Friday 22 Feb 2019 | 23:32 | SYDNEY
Friday 22 Feb 2019 | 23:32 | SYDNEY

Weekend catch-up: Islam and ISIS, Bibi in DC, Nemtsov, drones, India's budget and more



7 March 2015 08:00

Bringing together the best Interpreter articles you were too busy to read this week.

How is the Islamic world responding to the threat of ISIS? Two pieces addressed this question on The Interpreter this week. The first is from Lauren Williams who wrote on the Lebanese Sunni political party, Future Movement, and how similar groups throughout the Middle East may represent the moderate voices needed to counteract the extremist rhetoric of ISIS:

It's fair to say that the majority of Lebanon's Sunni Muslims don't subscribe to ISIS and al-Nusra's radical doctrines; the presence of radical groups has even united the rival factions to set aside their domestic disputes in the face of a common enemy, and a national dialogue between the March 8 and March 14 camps has made progress.

But at a time when Sunni identity is increasingly linked to an existential battle against their Shiite adversaries, secularism rings hollow, especially when backed up by poverty and neglect. The Future Movement and the Sunni leadership need to tap into and reverse Sunni grievance, and provide a moderate religious counter-narrative in response to the more successful recruitment campaigns of ISIS and al-Nusra. It must regain the trust and respect of Sunni Lebanon and restore it's position as the champion of Sunni Islam. It can do this by promoting its moderate Islamic credentials while offering economic and financial support to its main constituents in northern Lebanon.

Vanessa Newby also wrote a very good piece on how the Arab world views ISIS:

My sense is that most Middle Easterners recognise that ISIS does not reflect genuine Islamic values and believe the group is just opportunistically seeking power. A survey of the region in 2014 found ISIS received almost no support in Arab states. Interestingly, Sunni support for ISIS is described as high by some Western and Israeli commentators.

However, 'almost no support' is not the same as 'zero support', and in Egypt and Jordan, active support for ISIS has emerged. It is fair to assume that in these cases socio-economic factors are partly to blame, something President Obama referred to in his speech at a recent anti-extremism summit. The summit received minimal attention from Middle East media owing to the local belief that US policy in the region is the root cause of extremism there, and because states at the coalface of extremism, such as Lebanon, did not attend. Local politics also play a role. In Egypt, support for ISIS is in part a response to the Government's crackdown on the Muslim Brotherhood and other Islamic groups.

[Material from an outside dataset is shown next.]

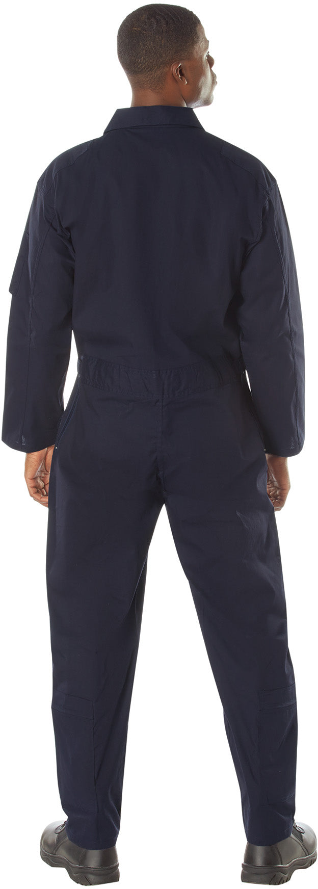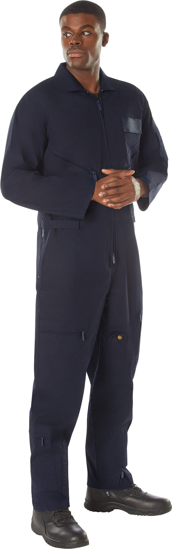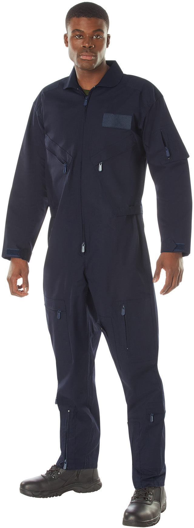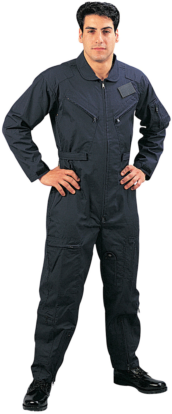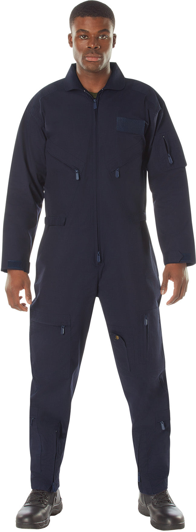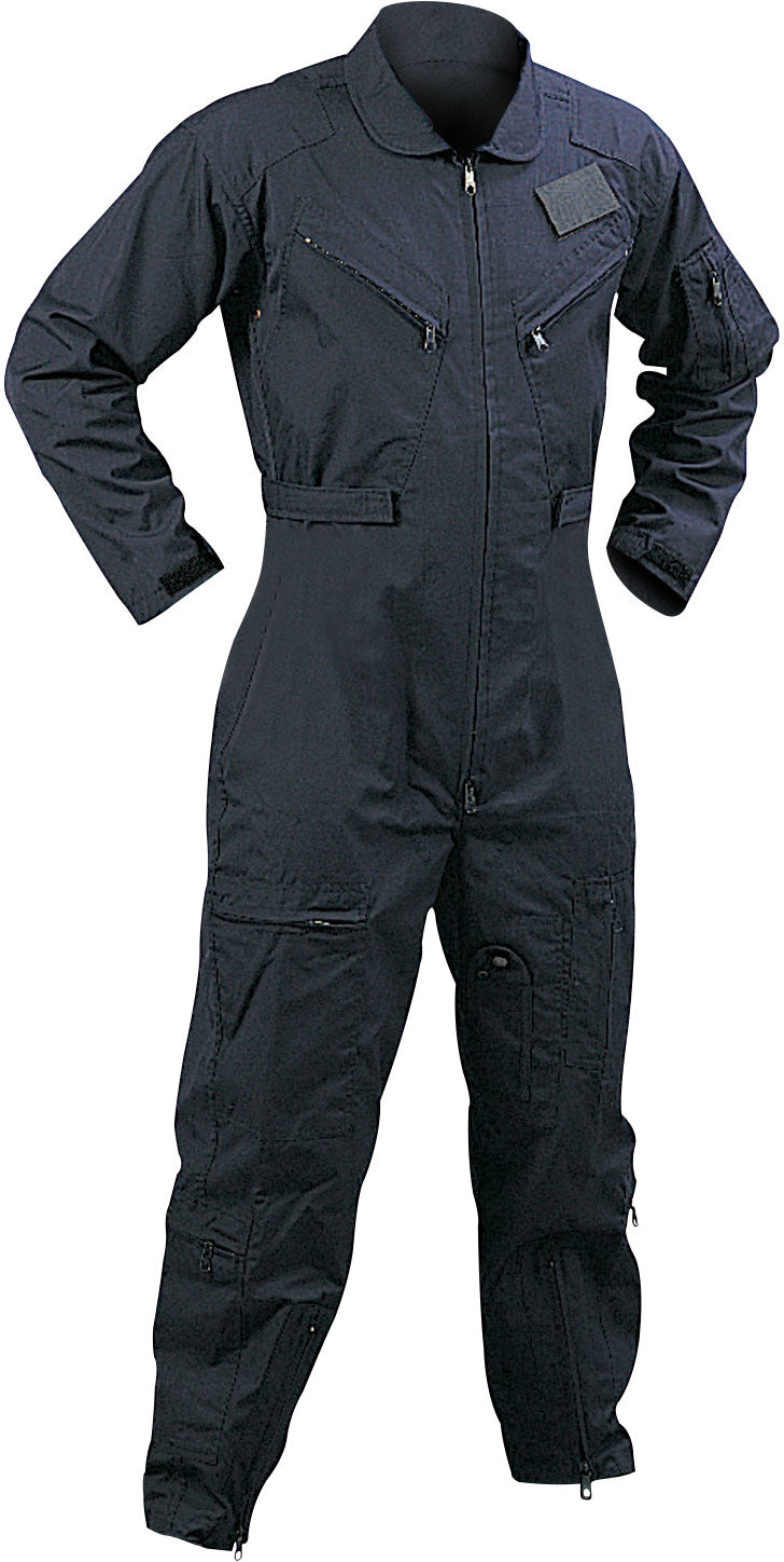Made of Polyester/Cotton material. Collard flight suit. 2 way front zipper. Pleated leg zippers on front and bottom of leg. Adjustable wrist cuff tabs with hook and loop closure. Adjustable waist tabs with hook and loop closure. 2 slash pockets on chest with zipper closure. Removable name badge holder on right chest. Reinforced shoulders. Zippered utility pocket with pen holder on right arm. Under arm vents. 2 zippered slash pockets. Leg pockets with zipper closure and 1 with snap closure. USAF US Air Force style flight suit. Navy Blue color.

Israeli Prime Minister Benjamin Netanyahu gave his highly anticipated and divisive speech on the Iran nuclear negotiations in Washington on Tuesday. Anthony Bubalo had this take on Bibi:

In effect, therefore, Bibi argued that America should just walk away.

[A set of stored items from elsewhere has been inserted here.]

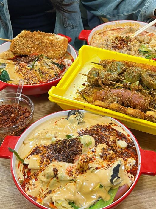 东北风味的黏糊麻辣烫,香到舔碗。牛筋面吸满麻酱汁,黏糊糊超入味,面藕和鱼丸吸足汤汁,配上油麦菜的脆嫩,麻香中带点微酸。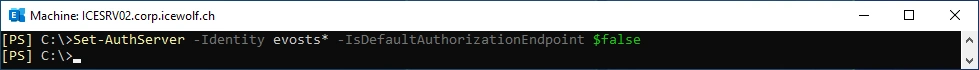 Set-AuthServer -Identity evosts* -IsDefaultAuthorizationEndpoint $false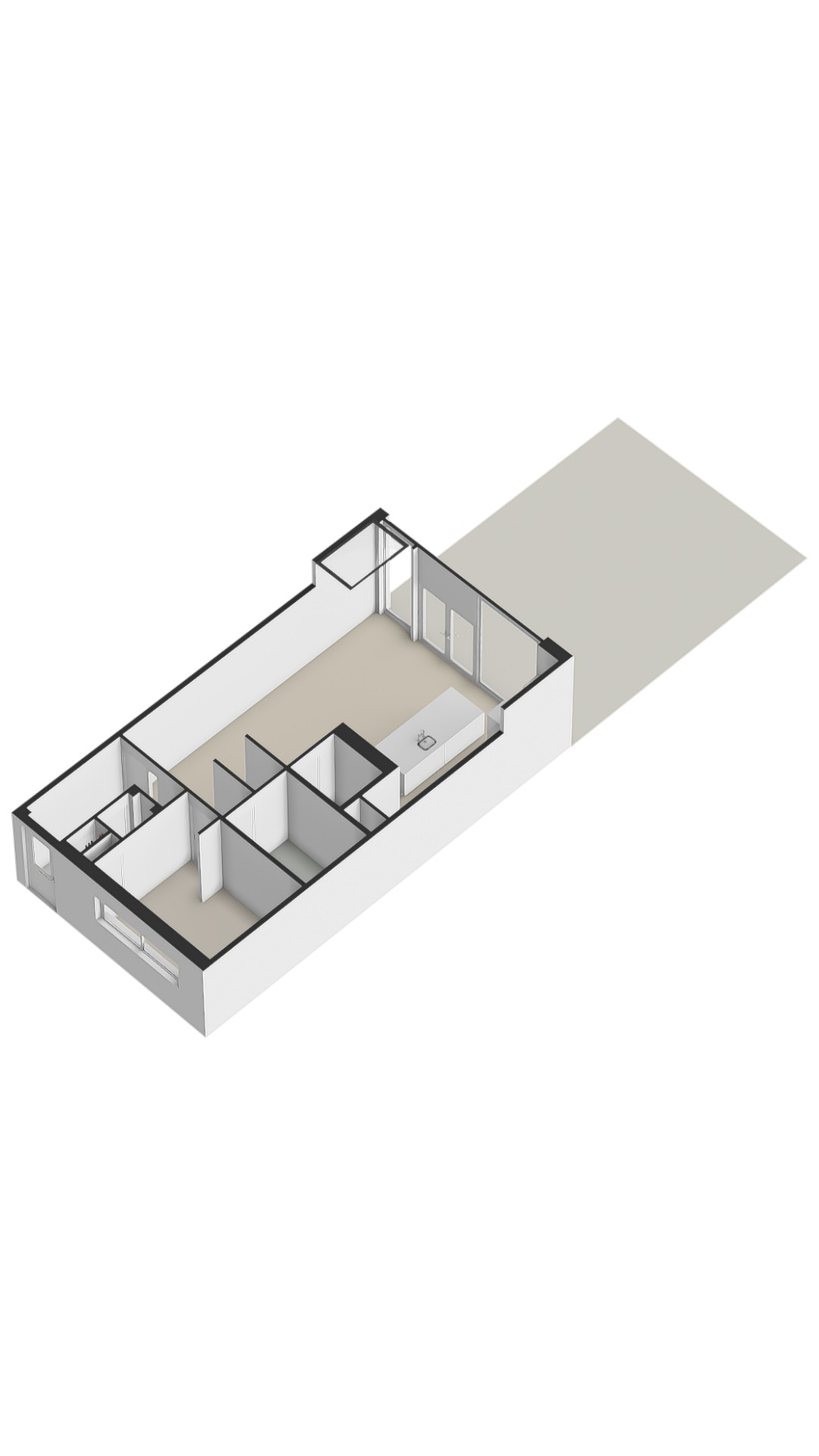 A welcoming entrance hall with a separate guest toilet leads to a spacious room at the front — ideal for working from home or as an additional bedroom. At the rear, the expansive living kitchen impresses with high ceilings and floor-to-ceiling windows overlooking the garden, creating an abundance of light and a sense of openness.

But then what? He didn't argue the case for imposing more sanctions on Iran, perhaps because he understands that sanctions have not prevented Iran from developing its nuclear program to date. And while increased sanctions over the last year have helped bring Iran to the negotiating table they are unlikely to be sustainable in the longer term, given their reliance on Russian and Chinese cooperation.

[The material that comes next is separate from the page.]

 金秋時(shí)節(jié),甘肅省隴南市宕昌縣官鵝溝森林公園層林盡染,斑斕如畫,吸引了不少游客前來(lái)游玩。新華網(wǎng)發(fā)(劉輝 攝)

Nor did he say anything about military action, perhaps in the knowledge that even among many Republican allies there is little appetite for dragging America into another costly war in the Middle East.

Prominent Russian opposition leader Boris Nemtsov was murdered in central Moscow last weekend. He had been investigating Russian military involvement in eastern Ukraine before his death. Matthew Sussex wrote on Russia's fractured liberal opposition:

Nemtsov knew he might be killed. He had spoken of the possibility as recently as a fortnight ago. Yet his death is more than just a sign that liberals are once again potential execution targets. It will be a vital test of opposition to Putin's rule inside Russia. Nemtsov's murder has already caused popular outrage, as evidenced by this morning's march in Moscow. If it sparks widespread civil disobedience, it will be a sign that Putin's seemingly immovable spot at the apex of Russian politics is vulnerable. But if the liberal intelligentsia accept it meekly and with only token protests, it will demonstrate the direct opposite: that there is still no realistic alternative to the government in the Kremlin.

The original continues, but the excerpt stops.